↓

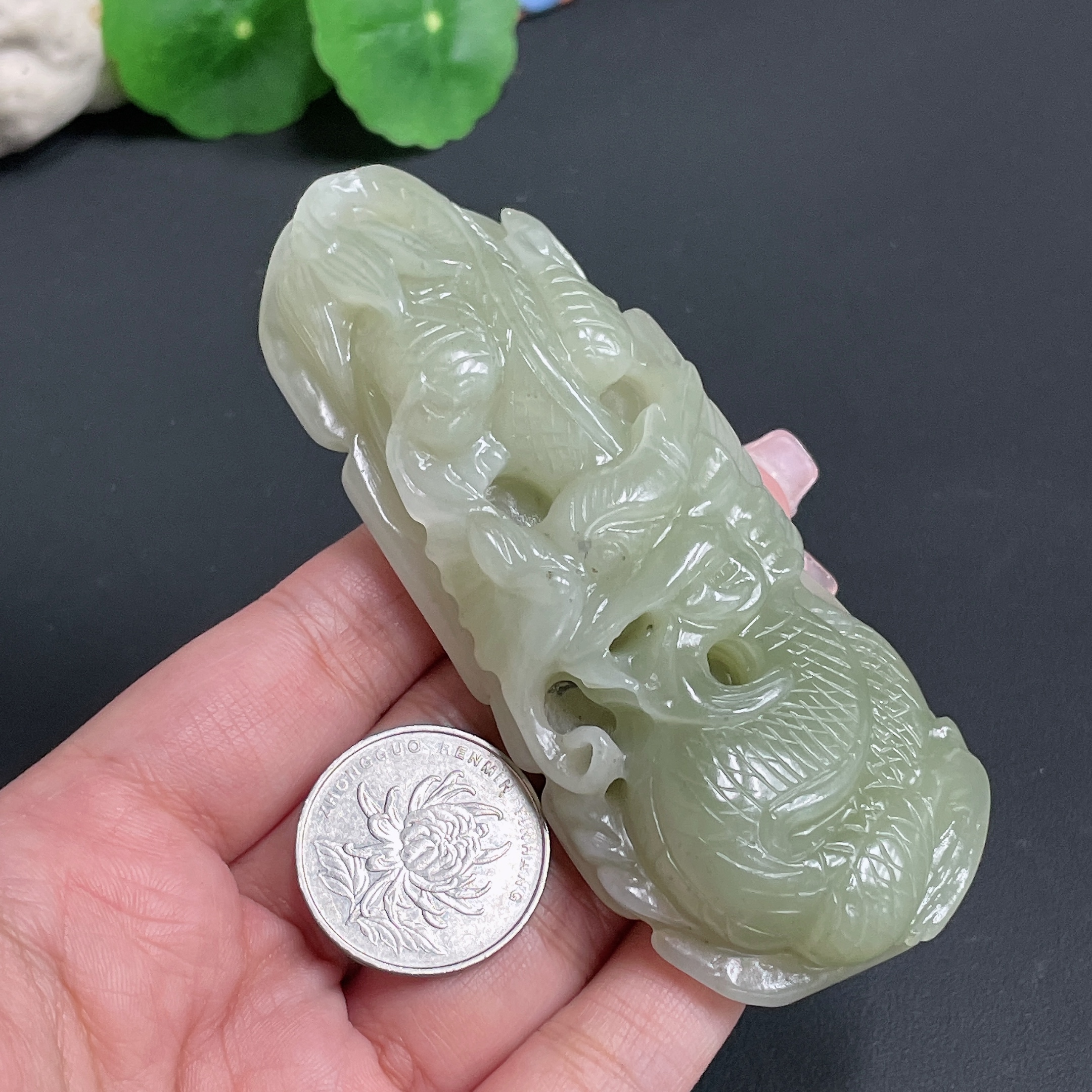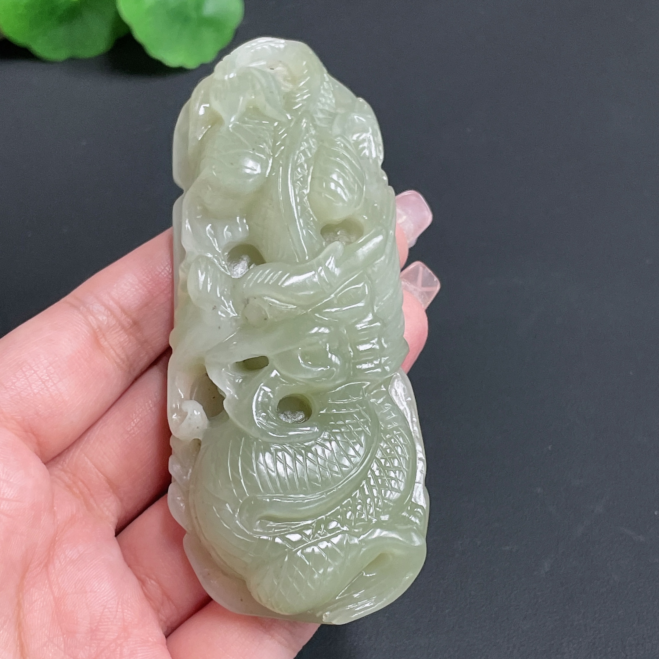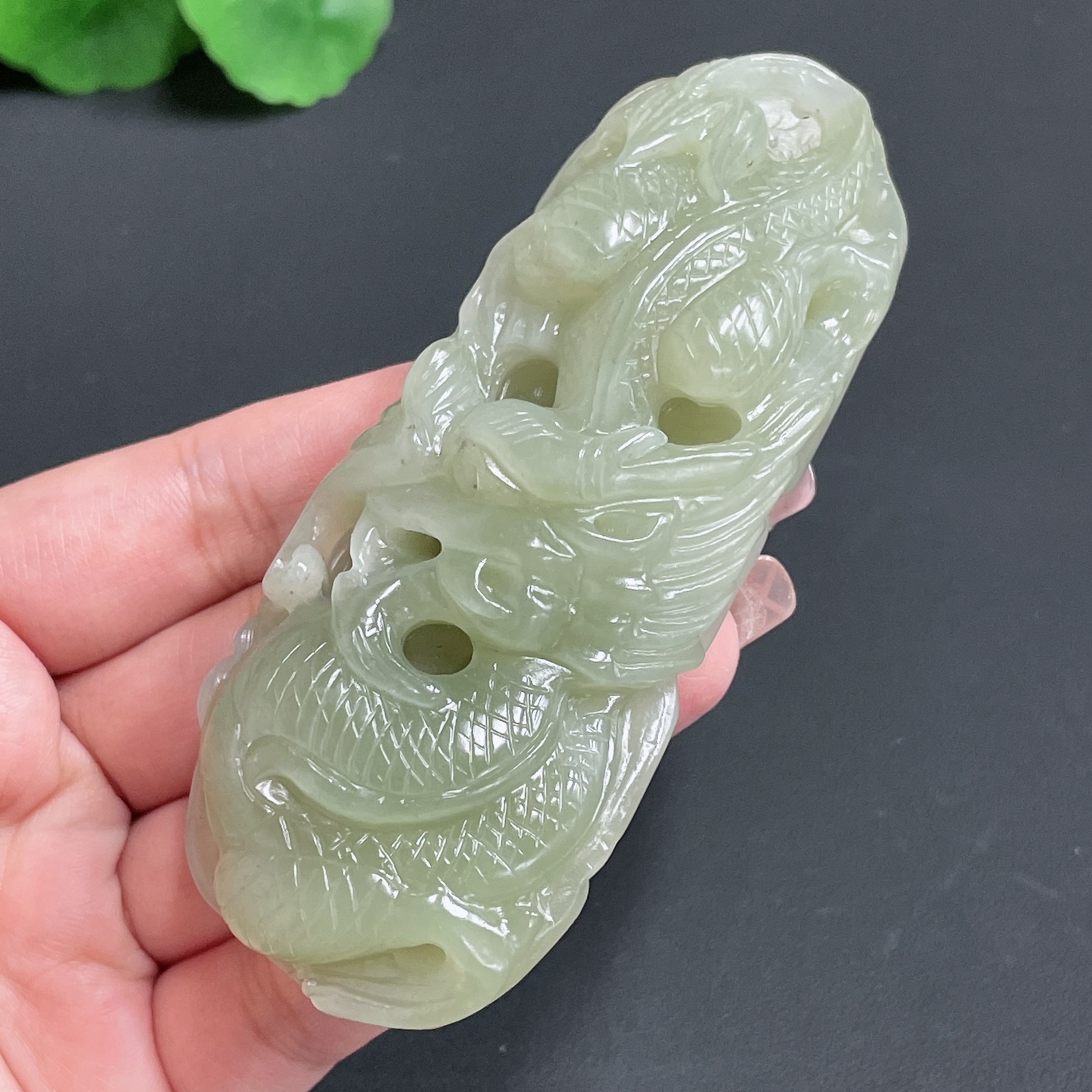 Hetian Jade Handheld Carving 'Soaring Dragon' Total Weight Approx.140g
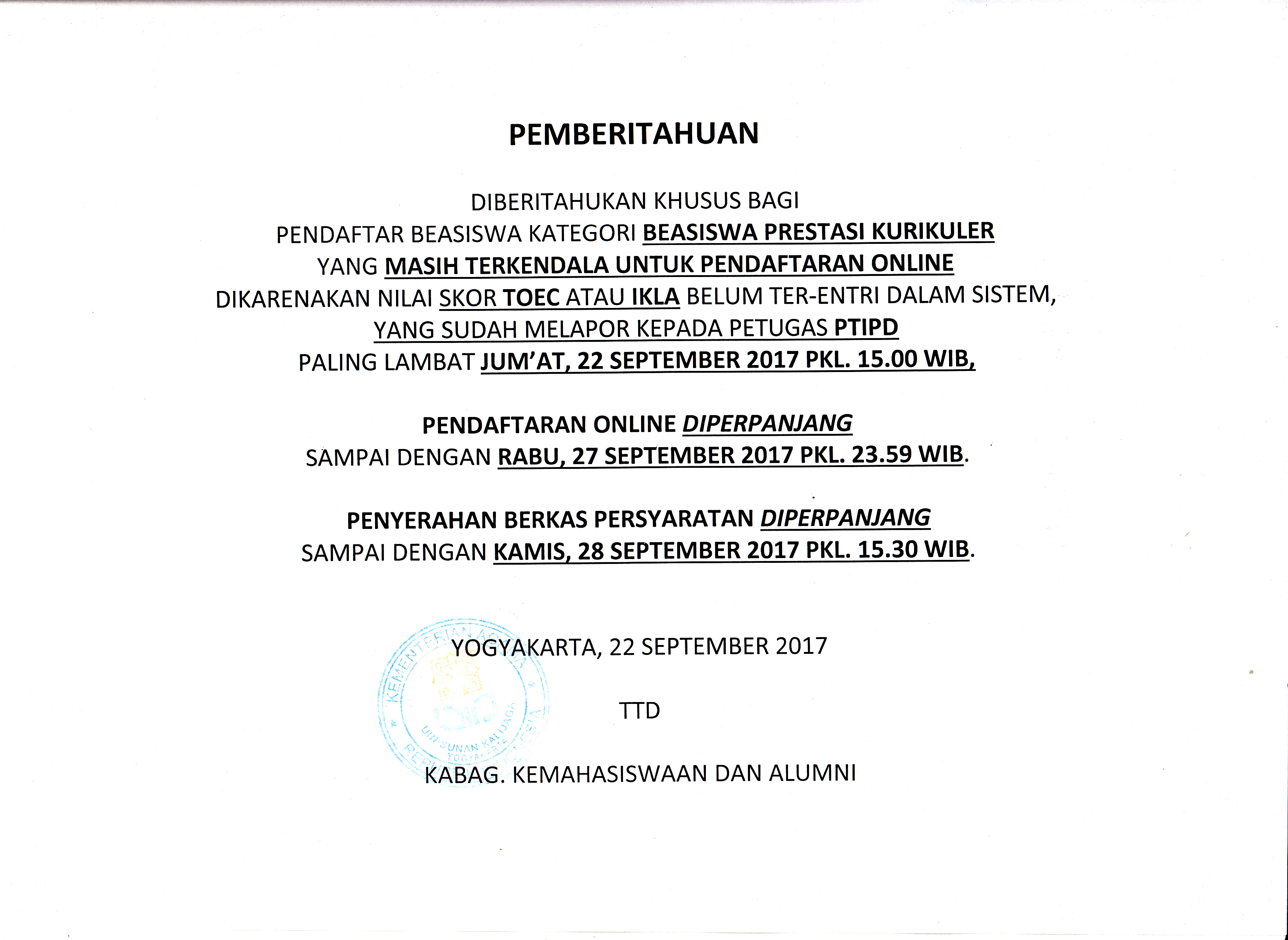 Perpanjangan Pendaftaran Beasiswa Peningkatan Prestasi dan Akademik 2017 ...
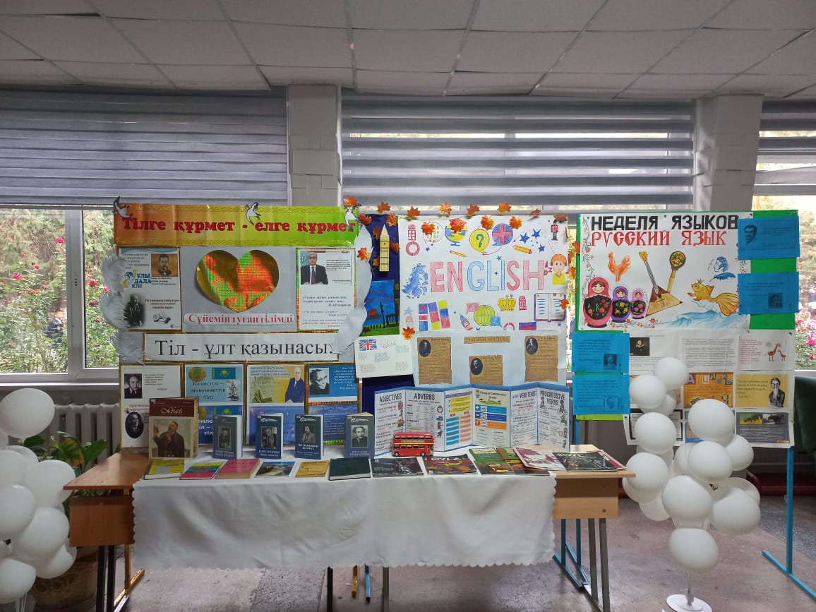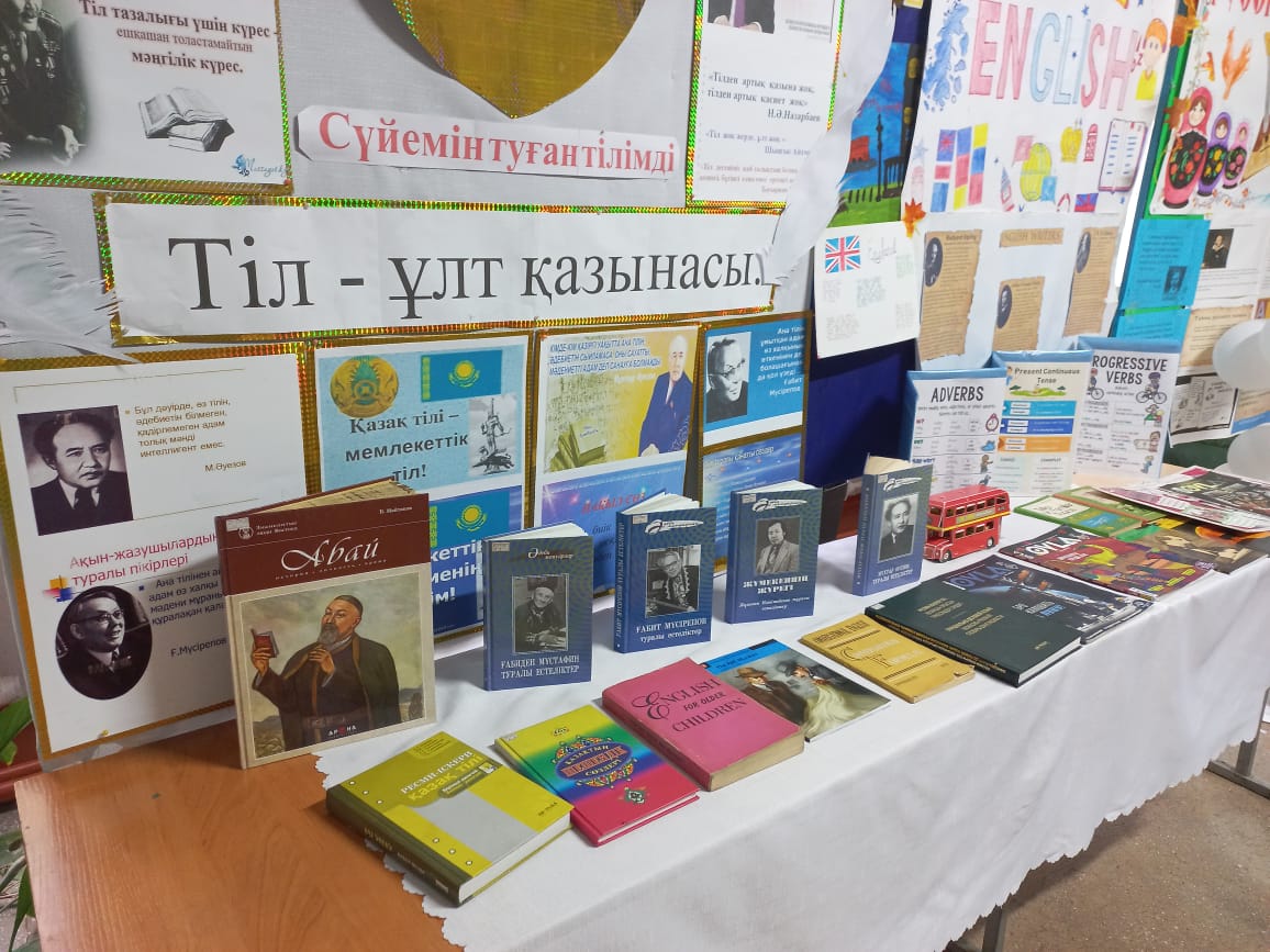Ко Дню языков народа Казахстана, в центральной рекреации КГУ ОШ № 50 оформлены стенды и книжная выставка «Тіл ұлт қазынасы».
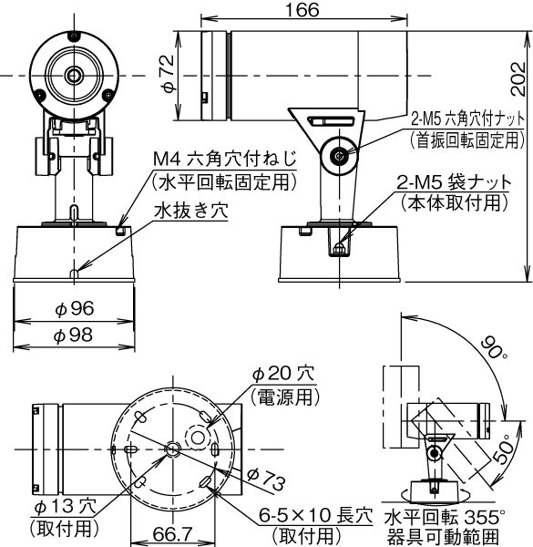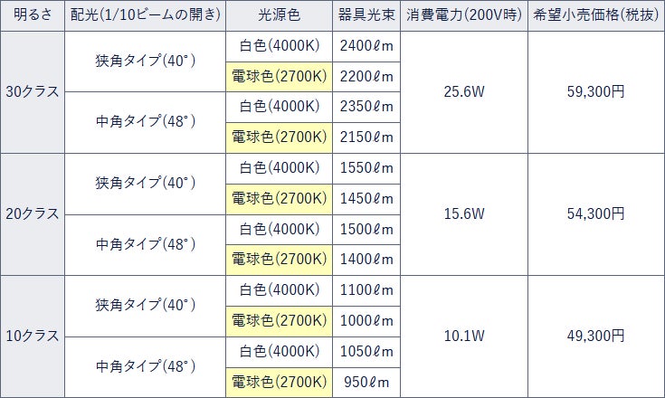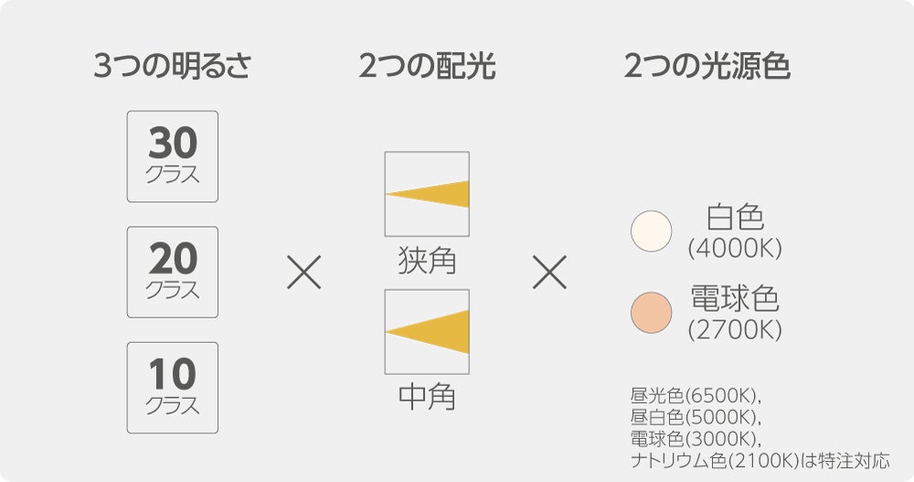 3つの明るさ(30・20・10クラス)、2つの配光(狭角・中角)タイプ、2つの光源色(白色・電球色)の12形式を標準ラインアップ。

↑

Skipping the pictures, transcribe each line above exactly as it appears.

— Response below —
 Hetian Jade Handheld Carving 'Soaring Dragon' Total Weight Approx.140g
 Perpanjangan Pendaftaran Beasiswa Peningkatan Prestasi dan Akademik 2017 ...
Ко Дню языков народа Казахстана, в центральной рекреации КГУ ОШ № 50 оформлены стенды и книжная выставка «Тіл ұлт қазынасы».
 3つの明るさ(30・20・10クラス)、2つの配光(狭角・中角)タイプ、2つの光源色(白色・電球色)の12形式を標準ラインアップ。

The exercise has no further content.